㈣另查,依證人庚○○於本院審理中之上開證述:我在濱海公
路那裡,被害人就已經超我的車,我與被害人原本距離十公尺,後來我經過大園養老院的時候,被親家招停下來,講了幾句話我又繼續騎車,就是因為我停下來講幾句話,後來才會距離被害人四十公尺遠。後來我騎車時速約四十公里,被害人的車速比我快一點,我看到前面有二個燈光紅紅的,我還奇怪為何被害人還一直騎過去。我看到那車子倒出來到路邊,我只看到兩盞紅紅的燈。紅紅的燈是移動的,一直亮著。我看到兩盞紅紅的燈倒出來,所以我的機車速度才放慢。被害人騎車的速度比我快,我不敢騎太快。我聽到撞擊聲後,就把機車停下來,不敢往前等語(參見本院卷第116-127頁),且證人庚○○前於警詢及偵查中對於上揭時地被害人騎車擦撞上開自小貨車之際,上開自小貨車確實係被告駕駛而正處於倒車狀態等情,亦為大致相同之證述。顯然證人庚○○於上開時地騎車並處於與被害人相同之車況下,已然注意到同向車道前方由被告所駕駛之上開自小貨車正處於倒車狀態而先行將騎車速度減慢,尚可認被告所駕駛之上開小貨車於倒車之際,尚已符合道路交通安全規則第110條第2款之規定:「汽車倒車時,應顯示倒車燈光或手勢後,謹慎緩慢後倒,並應注意其他車輛及行人。」則被告該時既依規定倒車,於此情形下,依吾人通常駕駛之社會經驗,應無發生危險之可能,且被告亦可信賴在同向後方車道之被害人騎車亦能遵守交通規則,同時為必要之注意,謹慎採取適當之行動,被告對於不可知之被害人騎車追撞致發生車禍一情,並無預防之義務。再據證人即案發現場處理警員 湯明正 於本院審理中結證稱:本件由我到場處理,現場照片是我拍的,當天晚上因為太暗沒有看到煞車痕跡,隔天早上我們到現場補拍照片也沒有發現煞車痕跡,現場測繪紀錄表所繪鋸齒狀是表示機車的刮地痕等語(參見本院卷第177-180頁),並有證人湯明正所繪製之桃園縣警察局道路交通事故調查報告表、道路交通事故現場測繪紀錄表各一紙在卷可參(參見相驗卷第8、61頁正面),復參之證人庚○○於本院審理中證述:
我看到前面有二個燈光紅紅的,我還奇怪為何被害人還一直騎過去等語。綜合上情,足認被告於該時係依規定倒車,此一情狀亦為當時同向車道後方並處於與被害人相同車況之證人庚○○所能預見,故而減速慢行,然被害人騎車確實因自己疏未注意車前狀況,貿然超速前行,再於逐漸接近被告所駕駛之上開小貨車之際,更未有何閃煞之措施,以致擦撞被告所駕駛之上開自小貨車而發生車禍。益徵被告對於被害人騎車之交通違規行為,主觀上無從預見,客觀上亦無從防範。易言之,被告尚難認有違反道路交通安全規則第110條第2項規定之注意義務,尚難令其負過失責任。

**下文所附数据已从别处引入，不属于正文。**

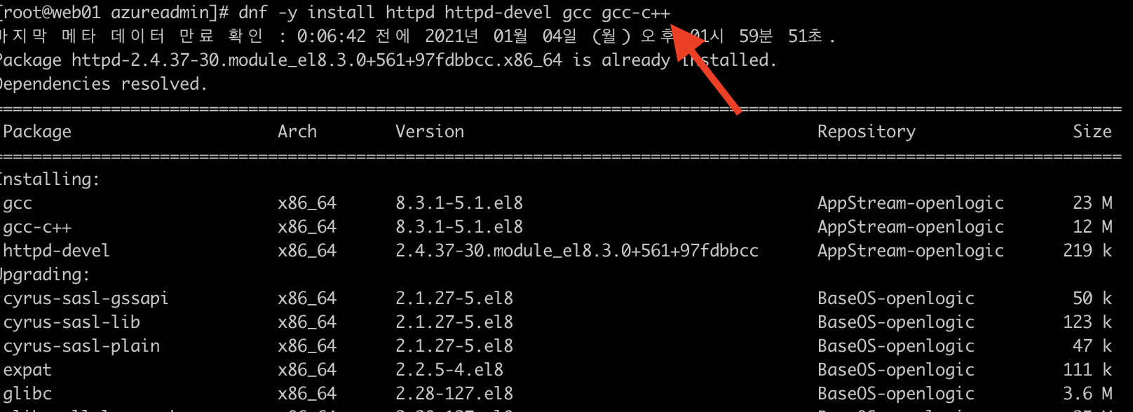 3) 아파치와 톰캣을 연동할 mod_jk 모듈을 사용하기 위해 필요한 패키지 설치
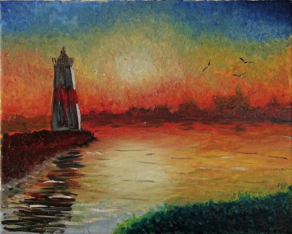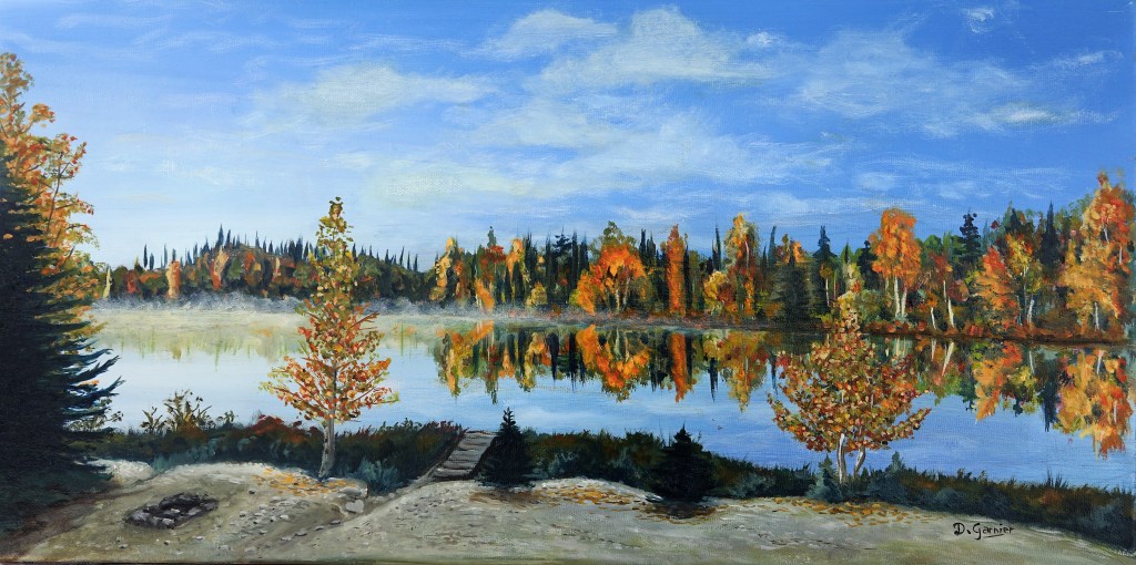 La 10ᵉ peinture à l’huile répond à une commande surprise pour l’anniversaire d’un ami. Le dessin, les formes, les couleurs d’automne sur un lac québécois m’ont demandé une quinzaine de jours de touches et de retouches. Le travail sur les couleurs fut important, d’autant qu’un ami m’a donné quelques tubes que je n’avais pas, dont « l’orange de Chine » et le vert « Terre verte ». De la peinture extra-fine qui m’a permis de sublimer quelques points.

㈤又相驗照片、桃園縣警察局道路交通事故調查報告表、道路
交通事故現場測繪紀錄表、桃園縣警察局大園分局警員現場調查報告書、現場照片十六幀、長庚紀念醫院診斷證明書、勘驗筆錄、相驗屍體證明書、驗斷書等書證資料,均僅能認定被害人騎車於上揭時地確與被告駕車處於倒車之際而發生車禍致死一情,並無法證明被告對於本件車禍負有過失責任,尚不足以採為不利被告認定之依據,附予敘明。
㈥綜上所述,尚可認被告駕駛上開自小貨車既依規定倒車,且
可信賴在同向車道後方之被害人騎車亦能遵守交通規則,同時為必要之注意,謹慎採取適當之行動,而對於不可知之被害人騎車追撞致發生本件車禍,並無過失。此外,又查無其他積極證據足資證明被告有公訴人所指涉犯刑法第276條第1項之過失致死罪嫌。本件既不能證明被告犯罪,揆諸前開法條規定及說明,並依「罪疑唯輕」之證據法則,依法自應諭知被告無罪之判決,以昭審慎。
據上論斷,應依刑事訴訟法第301條第1項,判決如主文。
本案經檢察官孫沛琦到庭執行職務。
中華民國94年1月25日
臺灣桃園地方法院交通法庭
審判長法官游紅桃
法官黃永定法官林家賢上列正本,證明與原本無異。
如不服本判決,應於判決送達後10日內,向本院提出上訴狀。